UN DR. JEKYLL & MR HYDE
L’avocate de la famille propose d’entendre A., «une décision compliquée et pénible pour lui». Il est manifestement intimidé et nerveux face aux trois juges. Ses premiers mots sont incompréhensibles, puis il dit «c’est pas vrai !» sur un ton révolté avant de retourner spontanément s’asseoir.
 
Dans le cadre de l’enquête, S.A. a rencontré un psychiatre auquel il a confié un sentiment d’injustice et sa décision de déposer une plainte pour dénonciation calomnieuse, plainte qui a par ailleurs été classée sans suite. Il n’a pas d’antécédent judiciaire ou psychiatrique, simplement un suivi psychiatrique ambulatoire lorsqu’il était plus jeune, afin d’arriver à accepter son homosexualité. C’est quelqu’un de «normal», qui estime que le jeune a menti à sa mère par crainte d’être puni. Pour l’avocate de A. et de sa mère, S.A. s’apparente à Dr. Jekyll & Mr Hyde, quelqu’un qui a des difficultés à reconnaître la situation réelle. «Il dit aux gendarmes qu’il est confronté au quotidien avec des élèves qui ressemblent à A. Mais il ne pouvait ignorer son retard mental et il en a profité». Et elle ajoute : «Il n’a aucun regret vis-à-vis de A., juste vis-à-vis de sa situation. Je trouve inadmissible que cet enseignant n’ait pas une once de remord».
 
2 ANS DE PRISON AVEC SURSIS
Le procureur Michaël Ohayon met l’accent sur «la mauvaise foi évidente dans la logique du prévenu» et rappelle que «le cœur du dossier, c’est la contrainte sur A., démontrée par le psychiatre qui nous dit que A. est totalement authentique». L’avocat de S.A. remarque que A., s’il est mentalement malade, a le corps d’un adulte et que le compagnon de son client, seul témoin dans l’affaire, n’était pas présent au moment des faits. «C’est la parole d’un enfant contre celle d’un adulte,» estime-t-il. «On ne peut pas condamner quelqu’un sans preuve», poursuit-il avant de demander la relaxe.
 
Le tribunal a jugé que S.A. était coupable, que la contrainte morale était caractérisée tant le retard mental était évident, et a retenu cette circonstance aggravante.
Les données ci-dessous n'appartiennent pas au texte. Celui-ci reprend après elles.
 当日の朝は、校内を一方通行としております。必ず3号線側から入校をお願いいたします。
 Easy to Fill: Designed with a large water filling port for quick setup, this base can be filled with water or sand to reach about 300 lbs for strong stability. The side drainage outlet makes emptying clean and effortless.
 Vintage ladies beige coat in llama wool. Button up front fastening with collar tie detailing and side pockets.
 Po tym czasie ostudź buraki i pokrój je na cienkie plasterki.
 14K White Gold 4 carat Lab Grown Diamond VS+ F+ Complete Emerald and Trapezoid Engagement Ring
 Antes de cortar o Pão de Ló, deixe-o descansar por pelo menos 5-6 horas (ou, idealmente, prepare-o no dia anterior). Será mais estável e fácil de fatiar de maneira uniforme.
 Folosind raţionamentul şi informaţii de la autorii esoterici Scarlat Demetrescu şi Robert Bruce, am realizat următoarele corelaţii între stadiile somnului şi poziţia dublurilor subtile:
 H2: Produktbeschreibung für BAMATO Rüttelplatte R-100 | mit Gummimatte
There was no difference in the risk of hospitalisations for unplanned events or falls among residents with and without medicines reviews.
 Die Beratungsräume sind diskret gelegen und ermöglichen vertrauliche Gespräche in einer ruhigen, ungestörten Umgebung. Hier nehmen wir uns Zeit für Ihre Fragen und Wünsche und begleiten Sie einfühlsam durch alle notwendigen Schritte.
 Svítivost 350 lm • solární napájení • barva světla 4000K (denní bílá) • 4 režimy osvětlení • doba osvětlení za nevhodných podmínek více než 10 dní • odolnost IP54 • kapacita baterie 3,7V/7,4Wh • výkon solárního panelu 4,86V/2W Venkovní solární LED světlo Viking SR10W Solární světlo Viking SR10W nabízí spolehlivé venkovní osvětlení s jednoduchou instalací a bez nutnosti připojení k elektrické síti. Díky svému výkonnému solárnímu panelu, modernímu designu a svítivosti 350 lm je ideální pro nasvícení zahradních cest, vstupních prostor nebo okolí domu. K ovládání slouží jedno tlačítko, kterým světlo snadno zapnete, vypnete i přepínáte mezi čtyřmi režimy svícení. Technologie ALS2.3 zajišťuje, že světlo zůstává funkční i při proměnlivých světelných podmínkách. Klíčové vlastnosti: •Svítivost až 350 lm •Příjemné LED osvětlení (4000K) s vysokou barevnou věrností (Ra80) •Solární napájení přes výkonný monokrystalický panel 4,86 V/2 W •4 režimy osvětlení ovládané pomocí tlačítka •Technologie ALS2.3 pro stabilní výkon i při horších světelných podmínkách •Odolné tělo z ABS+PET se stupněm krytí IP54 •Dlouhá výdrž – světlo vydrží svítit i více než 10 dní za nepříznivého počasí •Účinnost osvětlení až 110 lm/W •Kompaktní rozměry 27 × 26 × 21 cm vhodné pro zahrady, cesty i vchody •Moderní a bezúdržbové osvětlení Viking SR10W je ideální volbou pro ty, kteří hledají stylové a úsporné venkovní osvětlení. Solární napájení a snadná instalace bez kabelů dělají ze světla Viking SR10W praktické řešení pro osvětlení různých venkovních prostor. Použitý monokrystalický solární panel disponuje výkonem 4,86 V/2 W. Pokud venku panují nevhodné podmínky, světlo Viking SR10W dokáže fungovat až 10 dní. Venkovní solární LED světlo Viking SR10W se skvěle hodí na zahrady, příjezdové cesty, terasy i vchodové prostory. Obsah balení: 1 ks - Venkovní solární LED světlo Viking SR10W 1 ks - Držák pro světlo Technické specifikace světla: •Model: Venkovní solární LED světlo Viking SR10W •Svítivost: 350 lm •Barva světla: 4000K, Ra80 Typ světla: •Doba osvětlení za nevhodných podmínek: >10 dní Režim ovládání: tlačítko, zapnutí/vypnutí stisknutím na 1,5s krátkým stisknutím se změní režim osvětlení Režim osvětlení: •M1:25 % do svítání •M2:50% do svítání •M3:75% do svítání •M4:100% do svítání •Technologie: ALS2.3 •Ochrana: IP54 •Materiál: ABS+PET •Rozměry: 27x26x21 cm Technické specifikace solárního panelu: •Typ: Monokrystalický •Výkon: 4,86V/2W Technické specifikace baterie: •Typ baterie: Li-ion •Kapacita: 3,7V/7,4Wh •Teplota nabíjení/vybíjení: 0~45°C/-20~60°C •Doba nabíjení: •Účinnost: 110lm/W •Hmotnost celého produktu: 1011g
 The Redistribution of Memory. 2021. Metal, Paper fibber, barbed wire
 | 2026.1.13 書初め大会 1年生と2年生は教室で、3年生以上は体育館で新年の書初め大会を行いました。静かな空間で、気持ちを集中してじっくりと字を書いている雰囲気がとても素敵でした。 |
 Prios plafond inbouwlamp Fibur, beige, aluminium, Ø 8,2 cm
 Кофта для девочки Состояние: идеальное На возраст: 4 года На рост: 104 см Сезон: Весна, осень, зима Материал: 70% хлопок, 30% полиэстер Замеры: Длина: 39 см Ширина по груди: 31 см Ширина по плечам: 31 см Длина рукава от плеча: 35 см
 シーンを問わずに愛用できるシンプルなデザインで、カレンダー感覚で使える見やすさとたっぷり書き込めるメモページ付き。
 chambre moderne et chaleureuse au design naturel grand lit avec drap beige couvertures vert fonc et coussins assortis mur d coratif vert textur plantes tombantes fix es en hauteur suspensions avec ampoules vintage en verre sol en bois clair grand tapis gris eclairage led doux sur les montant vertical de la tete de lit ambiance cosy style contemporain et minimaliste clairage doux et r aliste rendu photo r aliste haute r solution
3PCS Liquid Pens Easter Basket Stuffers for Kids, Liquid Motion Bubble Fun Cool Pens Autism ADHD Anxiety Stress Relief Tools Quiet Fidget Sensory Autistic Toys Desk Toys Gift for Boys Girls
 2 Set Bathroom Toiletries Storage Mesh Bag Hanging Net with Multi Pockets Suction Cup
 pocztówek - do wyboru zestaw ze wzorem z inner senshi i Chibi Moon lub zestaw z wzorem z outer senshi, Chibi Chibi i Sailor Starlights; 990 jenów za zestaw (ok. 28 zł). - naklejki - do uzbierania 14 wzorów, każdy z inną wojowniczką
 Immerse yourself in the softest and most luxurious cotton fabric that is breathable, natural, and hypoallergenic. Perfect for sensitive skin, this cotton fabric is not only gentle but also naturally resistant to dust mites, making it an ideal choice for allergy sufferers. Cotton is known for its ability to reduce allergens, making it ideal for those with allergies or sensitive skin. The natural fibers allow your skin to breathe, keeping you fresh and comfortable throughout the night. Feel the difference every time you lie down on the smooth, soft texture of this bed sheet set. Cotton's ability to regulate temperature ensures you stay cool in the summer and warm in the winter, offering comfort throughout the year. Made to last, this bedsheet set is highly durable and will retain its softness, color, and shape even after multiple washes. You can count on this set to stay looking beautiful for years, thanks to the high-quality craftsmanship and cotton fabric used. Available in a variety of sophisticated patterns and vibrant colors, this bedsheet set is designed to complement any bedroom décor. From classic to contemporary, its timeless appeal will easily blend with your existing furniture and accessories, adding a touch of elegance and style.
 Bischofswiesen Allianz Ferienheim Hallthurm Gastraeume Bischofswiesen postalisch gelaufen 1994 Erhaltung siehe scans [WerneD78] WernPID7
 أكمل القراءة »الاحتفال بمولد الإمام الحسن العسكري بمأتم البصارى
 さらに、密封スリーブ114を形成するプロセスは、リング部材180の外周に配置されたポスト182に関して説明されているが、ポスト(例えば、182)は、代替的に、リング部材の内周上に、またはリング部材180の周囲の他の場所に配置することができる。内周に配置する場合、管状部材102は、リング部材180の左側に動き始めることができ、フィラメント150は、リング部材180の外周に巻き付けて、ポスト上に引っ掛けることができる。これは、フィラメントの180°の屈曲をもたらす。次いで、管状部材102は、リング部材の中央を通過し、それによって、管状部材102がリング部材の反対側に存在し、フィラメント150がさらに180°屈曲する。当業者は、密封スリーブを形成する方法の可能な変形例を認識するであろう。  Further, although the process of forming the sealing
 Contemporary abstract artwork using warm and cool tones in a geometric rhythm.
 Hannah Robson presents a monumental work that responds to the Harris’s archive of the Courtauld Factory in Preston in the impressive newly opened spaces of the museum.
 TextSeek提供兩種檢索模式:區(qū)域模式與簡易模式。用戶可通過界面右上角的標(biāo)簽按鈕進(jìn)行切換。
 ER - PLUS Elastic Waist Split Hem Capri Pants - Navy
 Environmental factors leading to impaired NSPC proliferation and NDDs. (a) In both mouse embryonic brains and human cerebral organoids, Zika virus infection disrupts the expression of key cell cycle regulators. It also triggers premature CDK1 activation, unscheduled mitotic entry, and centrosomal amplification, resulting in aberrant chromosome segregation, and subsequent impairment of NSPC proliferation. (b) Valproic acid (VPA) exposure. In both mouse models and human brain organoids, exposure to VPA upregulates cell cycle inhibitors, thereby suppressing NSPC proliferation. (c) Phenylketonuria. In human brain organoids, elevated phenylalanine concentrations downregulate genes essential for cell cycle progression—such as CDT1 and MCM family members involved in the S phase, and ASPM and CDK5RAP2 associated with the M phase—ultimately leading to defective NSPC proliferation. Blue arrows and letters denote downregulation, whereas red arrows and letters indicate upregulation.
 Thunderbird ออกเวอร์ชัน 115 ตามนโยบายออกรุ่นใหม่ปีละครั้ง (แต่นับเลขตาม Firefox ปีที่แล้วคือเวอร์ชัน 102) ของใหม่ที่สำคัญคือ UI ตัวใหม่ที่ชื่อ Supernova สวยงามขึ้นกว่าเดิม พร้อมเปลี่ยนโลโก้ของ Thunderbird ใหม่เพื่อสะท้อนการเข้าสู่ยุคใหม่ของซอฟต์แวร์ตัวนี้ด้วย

S.A. a été condamné à deux ans de prison avec sursis, assortis d’une mise à l’épreuve de trois ans et d’une obligation de soins, pour éviter la récidive. Il lui est interdit d’entrer en contact avec la victime. «Si vous êtes sur la même plage, vous prenez votre serviette et vous partez,» précise le président. S.A. sera inscrit au fichier des auteurs reconnus d’infractions sexuelles et devra tenir le greffe du tribunal au courant de ses éventuels changements d’adresse. Le tribunal a reçu la constitution des parties civiles et S.A. devra verser 5 000€ à A., 2 000€ à sa maman et leur verser 1 500€ au titre de l’article 475-1, qui concerne les frais de justice.